L’État désarmé face aux stupéfiants
La décivilisation, aboutissement de la brutalisation de la société, de ses codes et de ses relations interpersonnelles, percute spectaculairement notre société avec la question des stupéfiants. Désormais omniprésents, ils contribuent à redéfinir la base idéologique du pays dans un sens empreint de violence, d’avidité du gain et de codes consuméristes sans fin. Pour l’heure, le constat s’impose : la puissance publique n’a aucun contrôle sur la production, la diffusion et donc la consommation de drogue. Nous avons unilatéralement désarmé. L’appareil d’État n’est plus en mesure de maintenir une coercition efficace. "L’État social", malgré les savoirs de ses médecins et travailleurs sociaux, est démuni. Bref, les pouvoirs politiques et étatiques ont perdu le contrôle. Les sociétés civiles, qui ne peuvent lutter par la coercition et la violence légitime, sont désarmées et les individus sont donc des proies directes des flux de stupéfiants. Ce n’est pas tout à fait un hasard si la drogue qui comble un vide existentiel individuel et collectif en frappant tous les milieux, pénètre moins le monde catholique. C’est un fait.
Une crise existentielle
Pour résister dans ce domaine, il faut un solide ancrage dans une vision du monde vraiment émancipatrice, qui protège la personne et résiste aux mirages de l’individu roi. En ce sens, même si la marche des substances psychoactives ponctue chaque jour un peu plus le quotidien de notre société, le monde catholique, qui n’a en ce sens pas perdu de sa fraîcheur, affronte directement les réalités les plus brutes, sinon les plus brutales de notre société. Les vulnérabilités du pays, de la société française sont abordées de front : qu’on songe aux associations Le Rocher ou à Lazare, les entreprises les plus dynamiques tournées vers les plus vulnérables — dans leur diversité — qui naissent et se développent sous l’impulsion de (jeunes) catholiques.

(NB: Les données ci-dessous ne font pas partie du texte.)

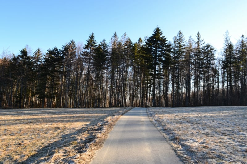 Zaplanowaliśmy pętlę z ostatniego osiedla za Koszarawą-Cichą, gdzie pod lasem, niedaleko pola namiotowego, nieopodal osady Pustelniki znajduje się niewielki parking. Stamtąd startuje szlak zielony, którym będziemy schodzić, oraz czerwona droga rowerowa, którą początkowo będziemy wchodzić. Odnalezienie wspomnianego parkingu, nawet z nawigacją, było nie lada wyzwaniem, ale finalnie o 7:30 wkraczamy na szlak. Najpierw czeka nas odcinek drogą asfaltową przez osiedle Jałowiec. Kilometrowe podejście jest całkiem solidne i zajmuje nam 20 minut. Doprowadza na Przełęcz Cichą, czyli interesujący nas szlak niebieski.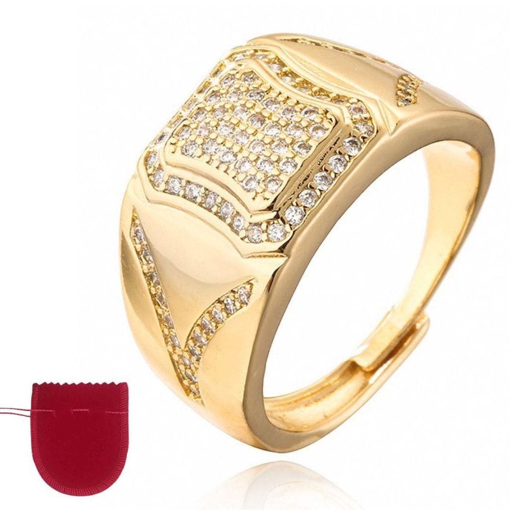 Anel Trabalhado Com Zircônias Cristais Banhado a Ouro

La brutalisation des codes sociaux et des relations interpersonnelles provient d’un dérèglement de la base matérielle du pays. Face à cela, comme l’aurait écrit Gramsci, il faut une révolution éthique et morale, qui réponde à la crise existentielle de nos contemporains. Comprendre la décivilisation, vouloir y répondre et agir en fonction : c’est une mission que les catholiques doivent savoir remplir.